Turnouts on steep ramps are subject to both temperature loads and frequent vehicle braking loads, which may lead to an accumulation of excessive residual longitudinal rail displacement, thereby leading to turnout service failure and threatening vehicle operation safety. In this paper, the following research work was carried out to study the longitudinal rail creep at turnouts on steep ramps: Experiments were conducted to investigate the longitudinal resistance characteristics of fasteners under repeated loading, and based on the experiment results, an MBS-FE simulation model was established for the longitudinal rail creep at turnouts on steep ramps, with real vehicle braking loads and fastener resistance degradation taken into consideration in the model.
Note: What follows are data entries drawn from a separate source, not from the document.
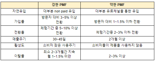 아래 예시는 SaaS 기업이 대략적으로 고객 규모 및 stage별 PMF를 측정하기 위한 기준점인데
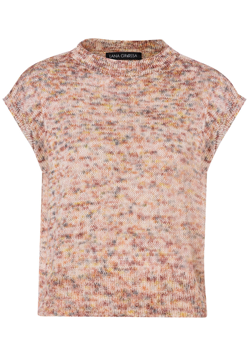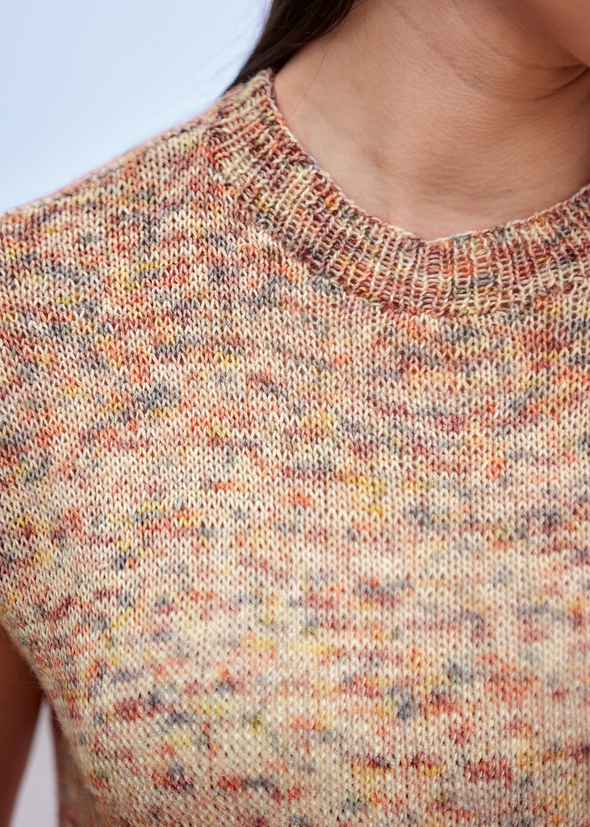 Lana Grossa Allora hand-dyed (76% Baumwolle, 14% Schurwolle (Merino superfine), 10% (Baby) Alpaca, Lauflänge 300 m/50 g), 200 (250 – 250) g Papita (Fb 270); Stricknadeln Nr. 3 und 3,5, 1 Rundstricknadel Nr. 3, 40 cm lang.
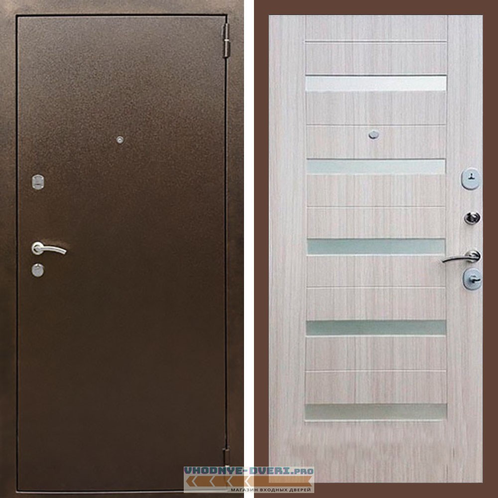 Входная дверь REX (Рекс) 1А Медный антик СБ-14 сандал светлый белое стекло
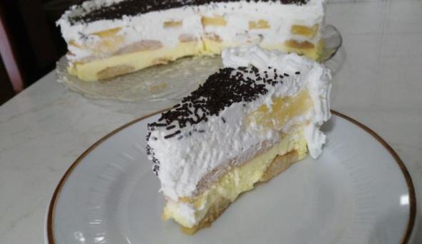 3. Obruč za pečenje torte staviti na poslužavnik pa u njega poređati prvo pakovanje piškota koje ste umočili u sok od ananasa.Njih premazati žutim kremom. Zatim drugo pakovanje piškota. Na njih staviti prvi deo bele kreme, pa poređati ananas, pa drugi deo bele kreme. Odozgo staviti umućen šlag (pena). Dekorisati po želji.
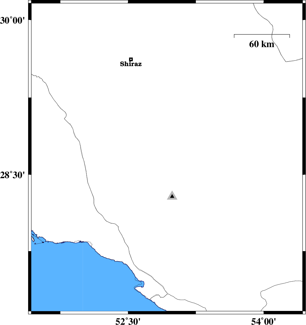 2011/05/07 | 09:44:51.4 | 14:14:51.4 | 28.35 | 53.97 | 46 | ML:3.1 | Fars Province, 44 km South-East of Jahrom | ||
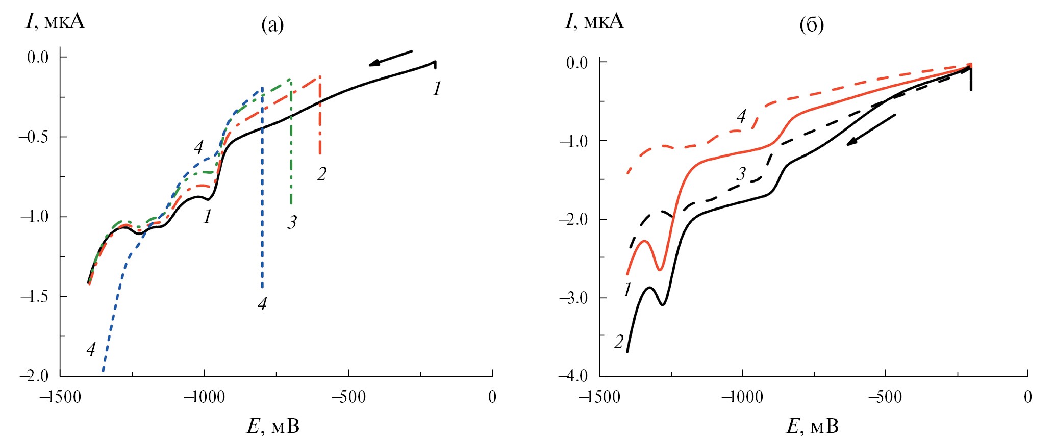 Рис. 3. Катодные вольтамперограммы Au/SR–NH2 электрода, полученного при выдержке 120 с в аэрированном растворе: (а) 0.1 мМ тиола и 0.02 М NaOH при разных потенциалах Е, В: 1 — (–0.2), 2 — (–0.6), 3 — (–0.7), 4 — (–0.8); (б) 0.1 мМ тиола и 0.02 М (NaClO4 + NaOH) при Е= –200 мВ при разных рН раствора: 1 — 6.0 (0.02 М NaClO4), 2 — 11.2, 3 — 11.9, 4 — 12.3 (0.02 М NaOH).
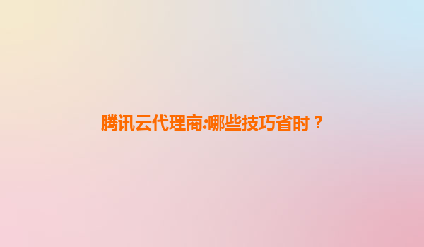 腾讯云代理商省时技巧:高效利用平台优势

The change law for longitudinal displacement of turnout rails caused by temperature load and frequent vehicle braking load was studied based on the model. A full-scale experiment was then conducted on the longitudinal rail creep at turnouts on steep ramps under repeated loading conditions in order to verify the results of the simulation. A comprehensive and in-depth study of the longitudinal rail creep at turnouts on steep ramps impacted by repeated loading was conducted through the combination of theoretical analysis and experiment. The following conclusions were drawn: The longitudinal resistance of fasteners displays typical nonlinear characteristics and degrades under repeated loading, these characteristics lead to an obvious accumulation of residual longitudinal displacement of turnout rails on steep ramps under repeated loading, and the increment of residual longitudinal displacement of turnout rails reaches a maximum after the first loading–unloading cycle, and with the increase of the number of load action, the accumulated longitudinal residual displacement of turnout rails increases rapidly in the early stage, and then the growth gradually slows down and eventually stabilizes. The simulation results were found to be very similar to the full-scale experiment results, verifying the accuracy of the analytical model established in this paper.